> _What the task asks_
Go through the data and copy every line exactly, but not the images.

> _Supplied material_
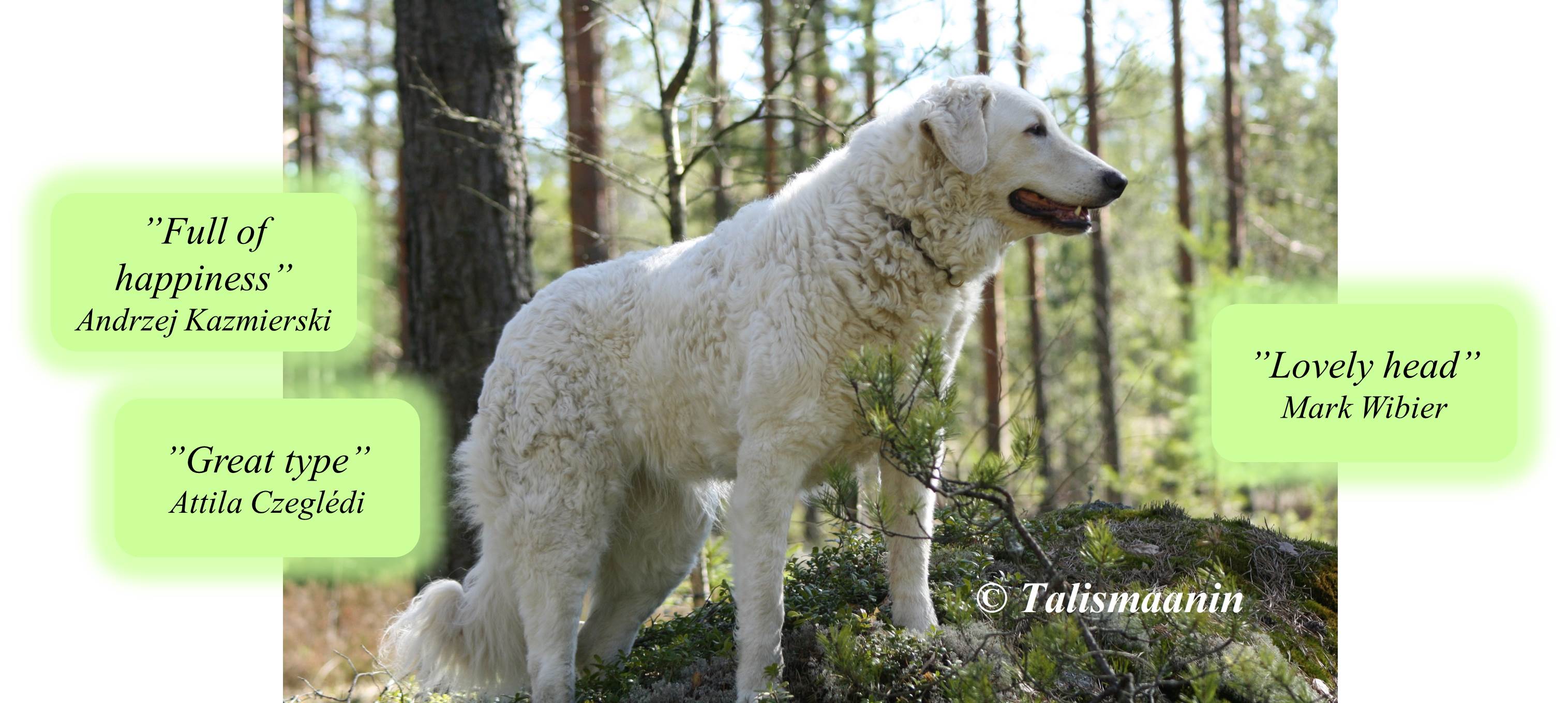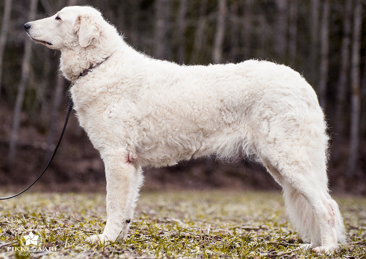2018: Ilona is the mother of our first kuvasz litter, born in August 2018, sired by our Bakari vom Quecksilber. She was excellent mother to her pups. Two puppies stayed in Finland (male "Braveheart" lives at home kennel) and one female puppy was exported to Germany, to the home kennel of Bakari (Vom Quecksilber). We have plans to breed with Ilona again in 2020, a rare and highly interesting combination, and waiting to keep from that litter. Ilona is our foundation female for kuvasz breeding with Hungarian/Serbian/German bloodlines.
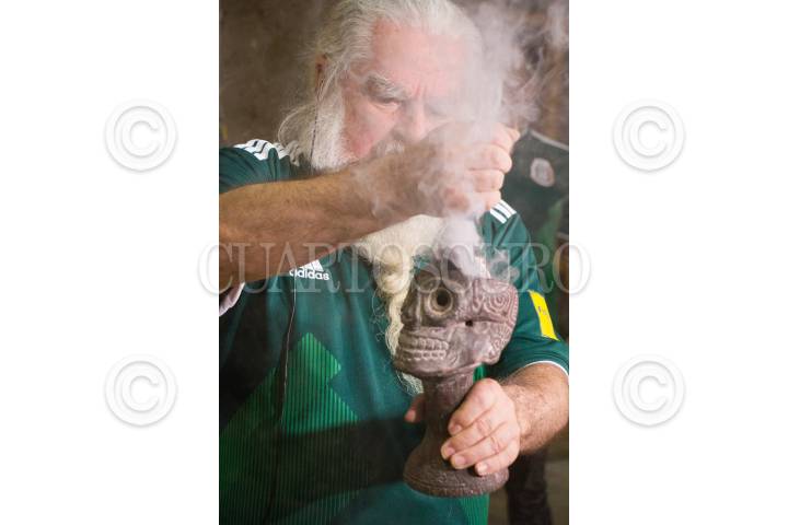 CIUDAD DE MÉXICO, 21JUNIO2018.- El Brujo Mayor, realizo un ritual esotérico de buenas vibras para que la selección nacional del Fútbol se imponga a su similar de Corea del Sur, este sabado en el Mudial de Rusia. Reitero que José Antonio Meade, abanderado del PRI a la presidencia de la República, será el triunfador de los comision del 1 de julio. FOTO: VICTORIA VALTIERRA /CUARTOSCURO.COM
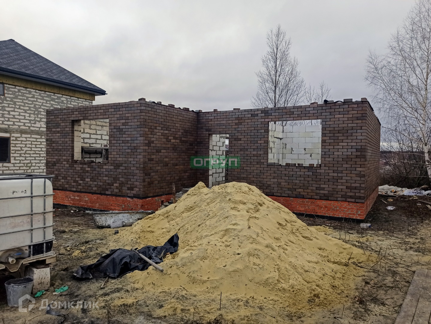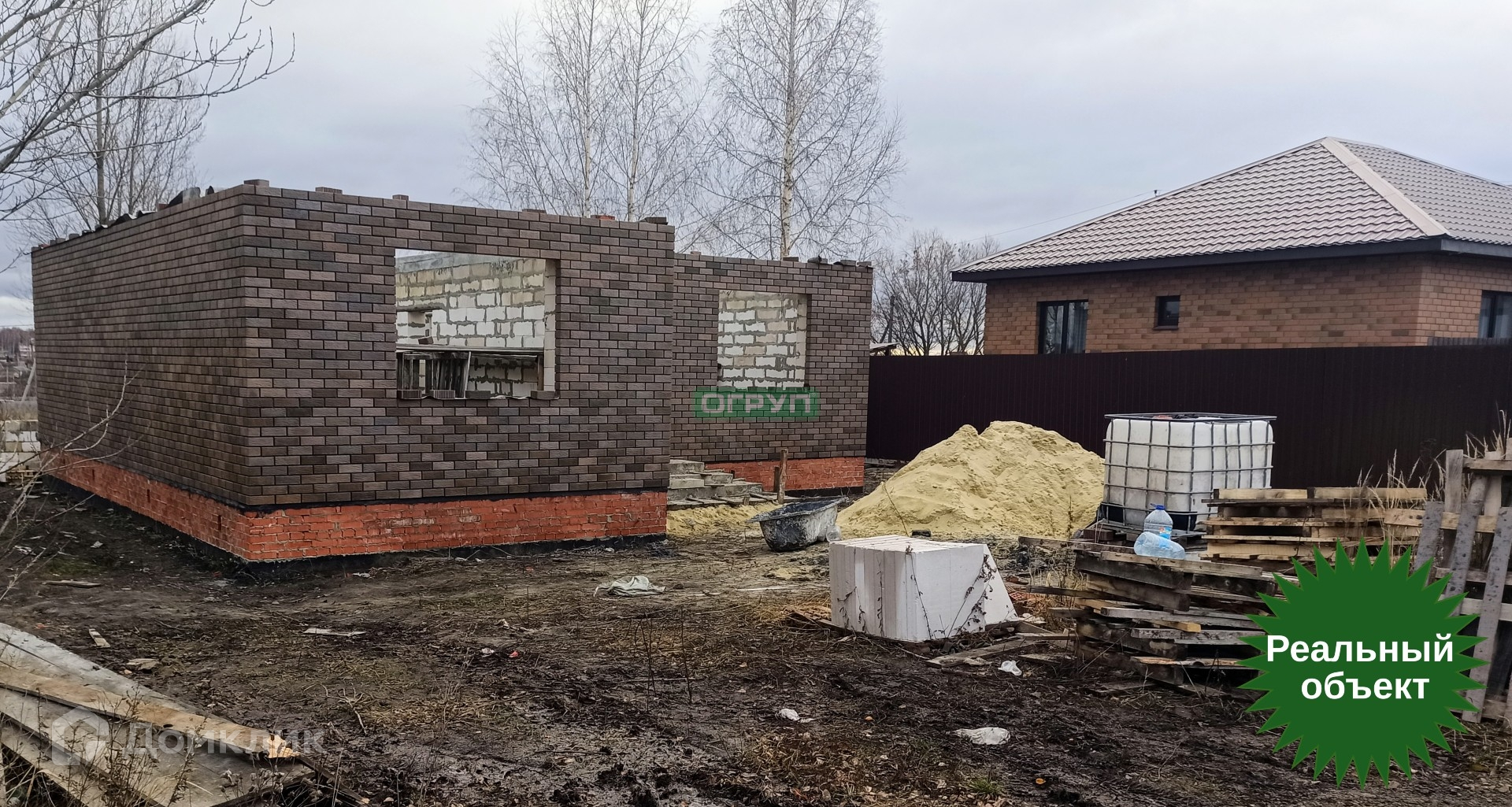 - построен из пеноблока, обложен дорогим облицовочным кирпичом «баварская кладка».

> _Result of the exercise_
2018: Ilona is the mother of our first kuvasz litter, born in August 2018, sired by our Bakari vom Quecksilber. She was excellent mother to her pups. Two puppies stayed in Finland (male "Braveheart" lives at home kennel) and one female puppy was exported to Germany, to the home kennel of Bakari (Vom Quecksilber). We have plans to breed with Ilona again in 2020, a rare and highly interesting combination, and waiting to keep from that litter. Ilona is our foundation female for kuvasz breeding with Hungarian/Serbian/German bloodlines.
 CIUDAD DE MÉXICO, 21JUNIO2018.- El Brujo Mayor, realizo un ritual esotérico de buenas vibras para que la selección nacional del Fútbol se imponga a su similar de Corea del Sur, este sabado en el Mudial de Rusia. Reitero que José Antonio Meade, abanderado del PRI a la presidencia de la República, será el triunfador de los comision del 1 de julio. FOTO: VICTORIA VALTIERRA /CUARTOSCURO.COM
 - построен из пеноблока, обложен дорогим облицовочным кирпичом «баварская кладка».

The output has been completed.